◆ **How to complete this task**: Pictures are to be left out. Return exactly the lines below from the one with "从这个结果我们可以看出来,第" up to and including the one with "FOLK ART MAN".

Stored dataset items:
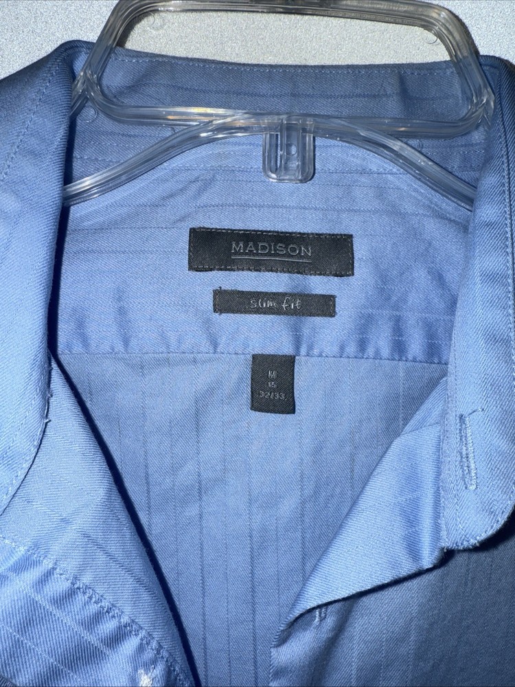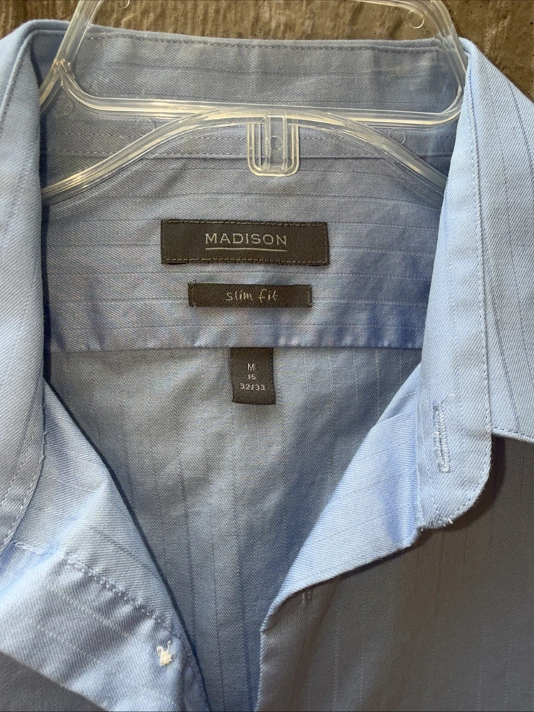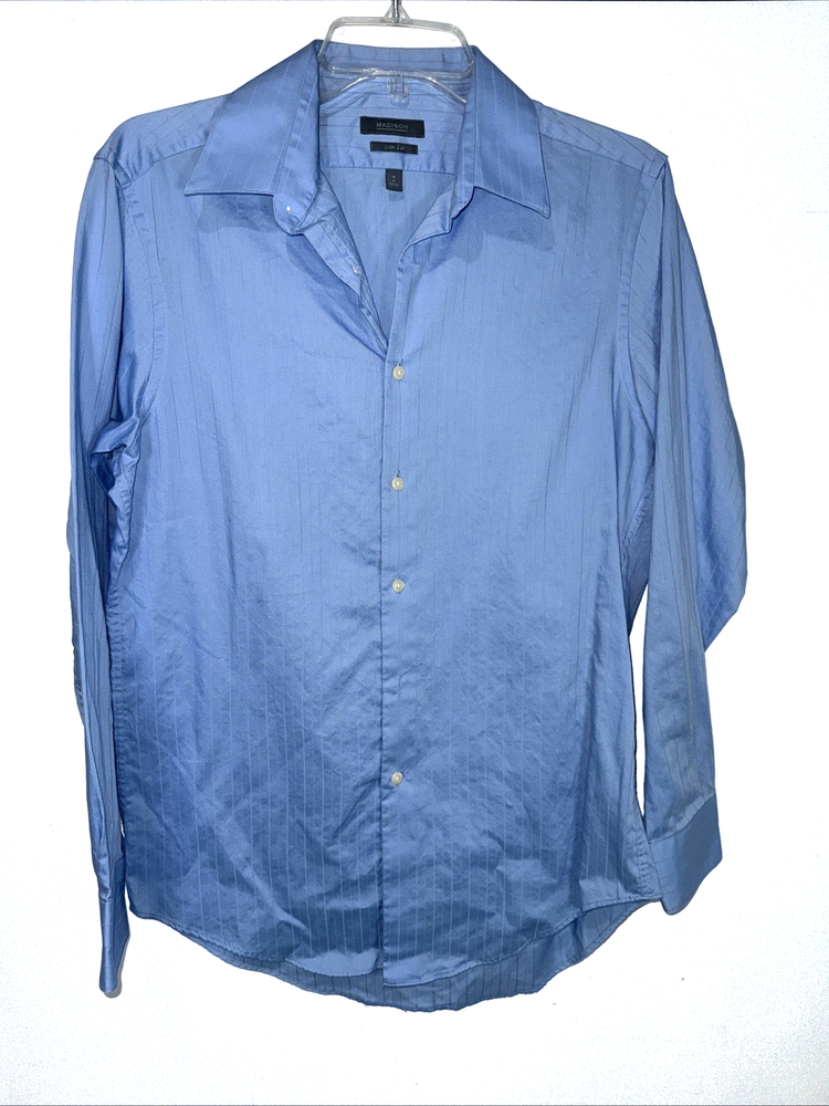 The Madison Men's Shirts in Sky Blu, size M, feature a classic collared design with long sleeves and a slim fit. Made from 100% cotton with a medium level fabric wash, these button-up shirts are suitable for casual, formal, and business occasions. The solid blue color and barrel cuff style add a touch of sophistication to this timeless piece of men's clothing. With the brand's reputation for quality and style, these shirts are a perfect choice for the modern man looking for a versatile wardrobe staple.
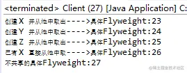 从这个结果我们可以看出来,第一次创建X、Y、Z时,都是先创建再从池中取出,而第二次创建X时,因为池中已经存在了,所以直接从池中取出,这就是享元模式。
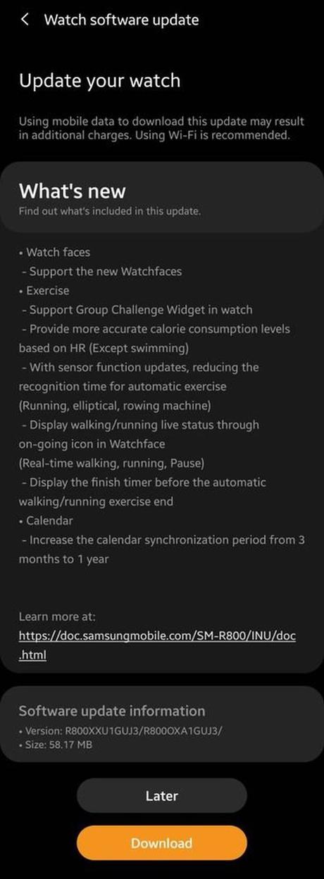 Zegarek otrzymał 10 nowych tarcz, które wcześniej były dostępne wyłącznie dla Galaxy Watch 4 i Galaxy Watch 4 Classic. Użytkownicy mogą je dostosowywać. Na przykład zmień tło, kolor tekstu i animowane elementy. Oprócz tarcz zegarek otrzymał również obsługę widżetów Group Challenge i ulepszony odczyt kalorii. Również w nowym systemie zoptymalizowano czujnik, który odpowiada za automatyczne wykrywanie treningów. Ten proces będzie teraz szybszy.
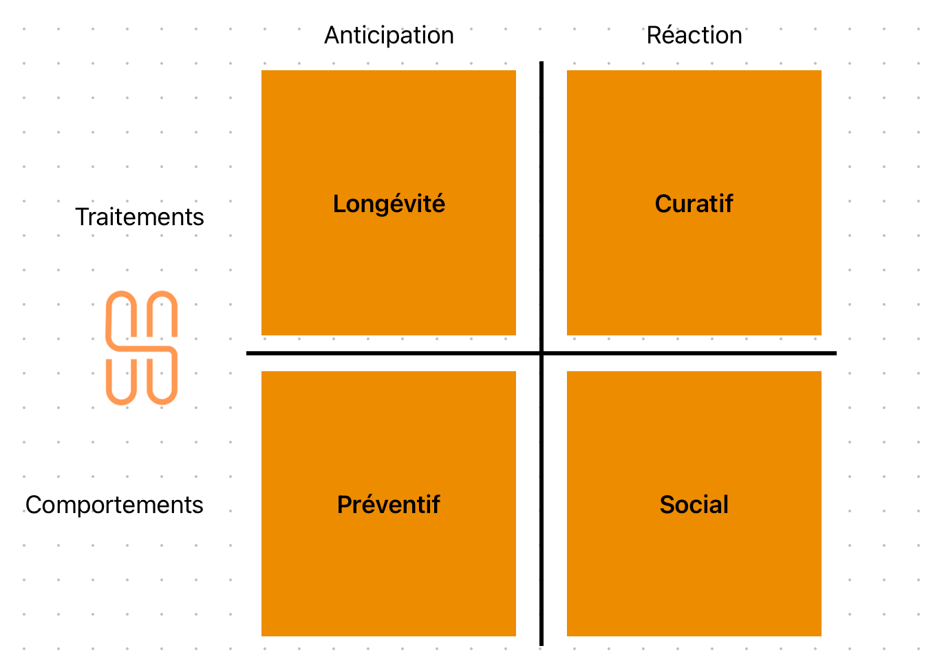 Pillier préventif, très à la mode, mais peu doté, va s’intéresser aux offres de produits et services qui peuvent anticiper, ralentir et même éviter les troubles de santé dont la prévalence augmente avec l’âge.
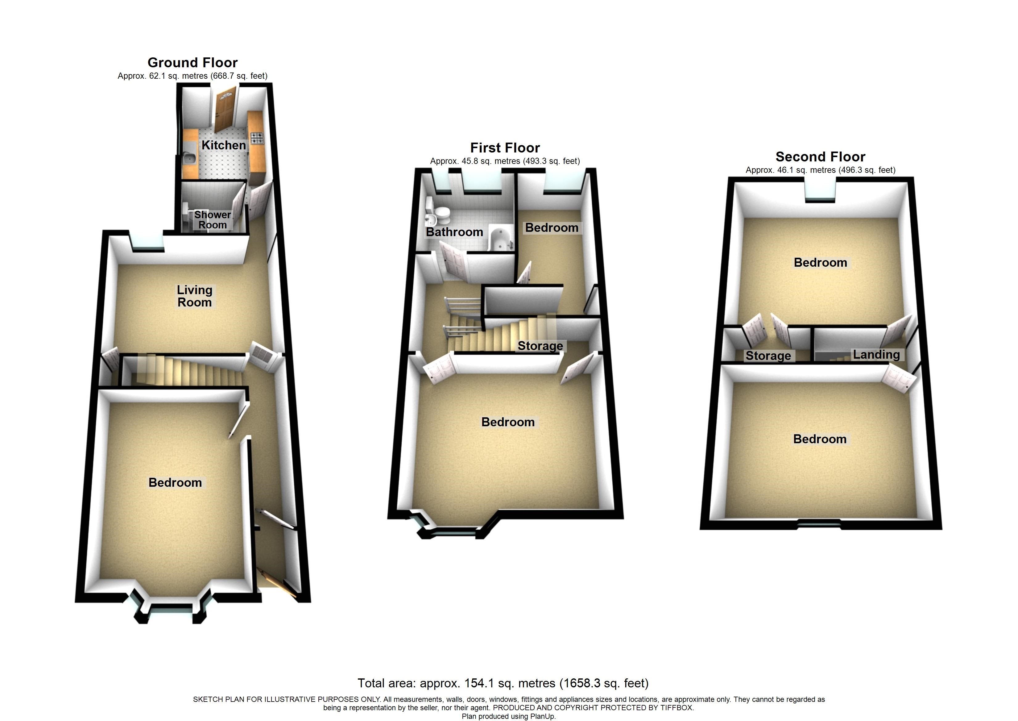 The accommodation on offer comprises; Entrance into the hallway, providing access to the living room, kitchen, bedroom one, and a shower room. Stairs lead to the first floor, where there are two more bedrooms and a bathroom. A further staircase leads to the second floor, which offers two additional bedrooms and built-in storage.
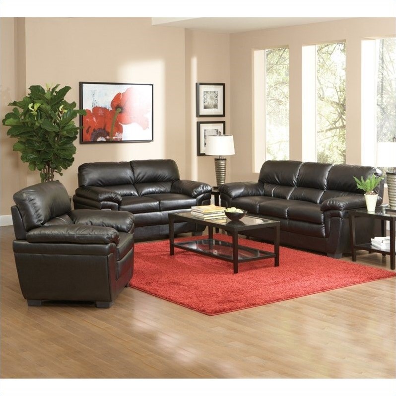 | Coaster Fenmore 3 Piece Casual Leather Sofa Set in Black |
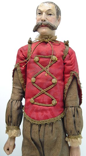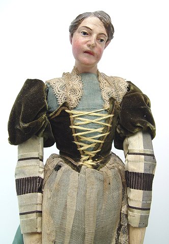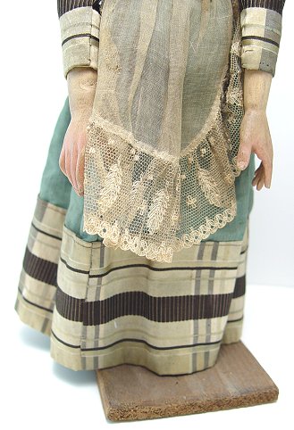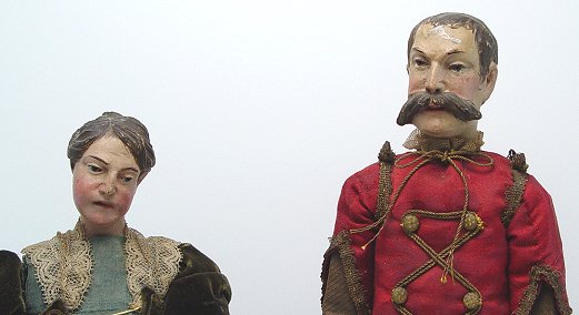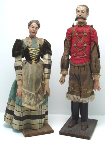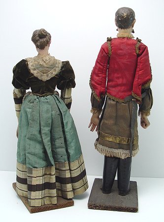 FOLK ART MAN AND WOMAN CARVED WOODEN DOLLS: In hand sewn Eastern European costume. Painted features. Clothes do look a bit worn. 13'' and 15''h.
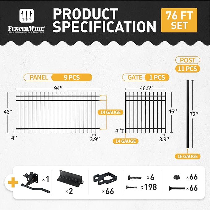 Fencer Wire 76FT Heavy Duty Pinnacle Fence Barrier Kit, Anti-Rust Metal Steel Fence with 4FT Height X 8FT Width Panels, Gate, Posts, Connectors, 2” Diameter Outdoor Fencing for Yard, Pool, Patio
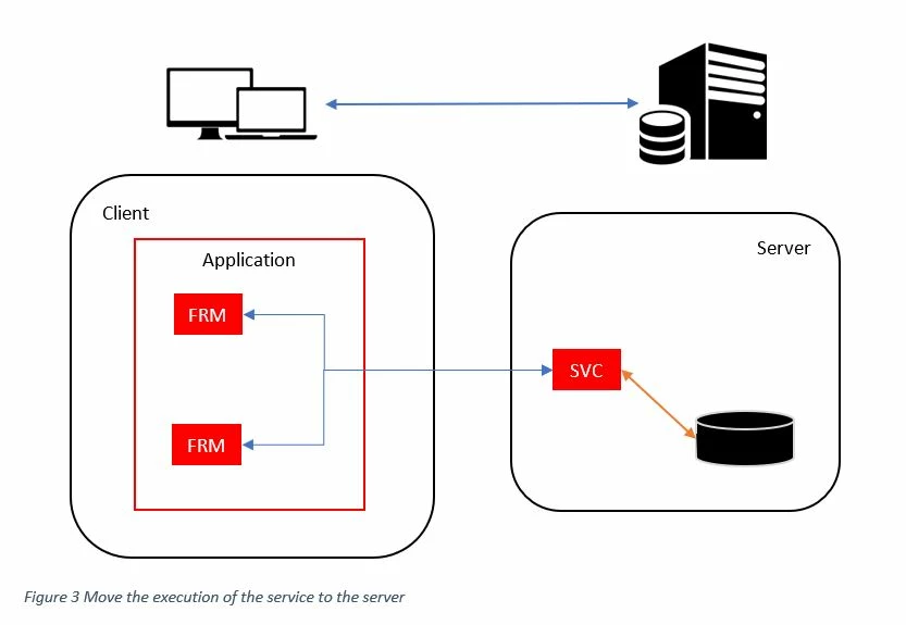 Now, when the service is activated from the form, the processing is executed on the server – without any modification to the application! Suddenly the application is multi-tier.

◆ **Final answer**:
 从这个结果我们可以看出来,第一次创建X、Y、Z时,都是先创建再从池中取出,而第二次创建X时,因为池中已经存在了,所以直接从池中取出,这就是享元模式。
 Zegarek otrzymał 10 nowych tarcz, które wcześniej były dostępne wyłącznie dla Galaxy Watch 4 i Galaxy Watch 4 Classic. Użytkownicy mogą je dostosowywać. Na przykład zmień tło, kolor tekstu i animowane elementy. Oprócz tarcz zegarek otrzymał również obsługę widżetów Group Challenge i ulepszony odczyt kalorii. Również w nowym systemie zoptymalizowano czujnik, który odpowiada za automatyczne wykrywanie treningów. Ten proces będzie teraz szybszy.
 Pillier préventif, très à la mode, mais peu doté, va s’intéresser aux offres de produits et services qui peuvent anticiper, ralentir et même éviter les troubles de santé dont la prévalence augmente avec l’âge.
 The accommodation on offer comprises; Entrance into the hallway, providing access to the living room, kitchen, bedroom one, and a shower room. Stairs lead to the first floor, where there are two more bedrooms and a bathroom. A further staircase leads to the second floor, which offers two additional bedrooms and built-in storage.
 | Coaster Fenmore 3 Piece Casual Leather Sofa Set in Black |
 FOLK ART MAN AND WOMAN CARVED WOODEN DOLLS: In hand sewn Eastern European costume. Painted features. Clothes do look a bit worn. 13'' and 15''h.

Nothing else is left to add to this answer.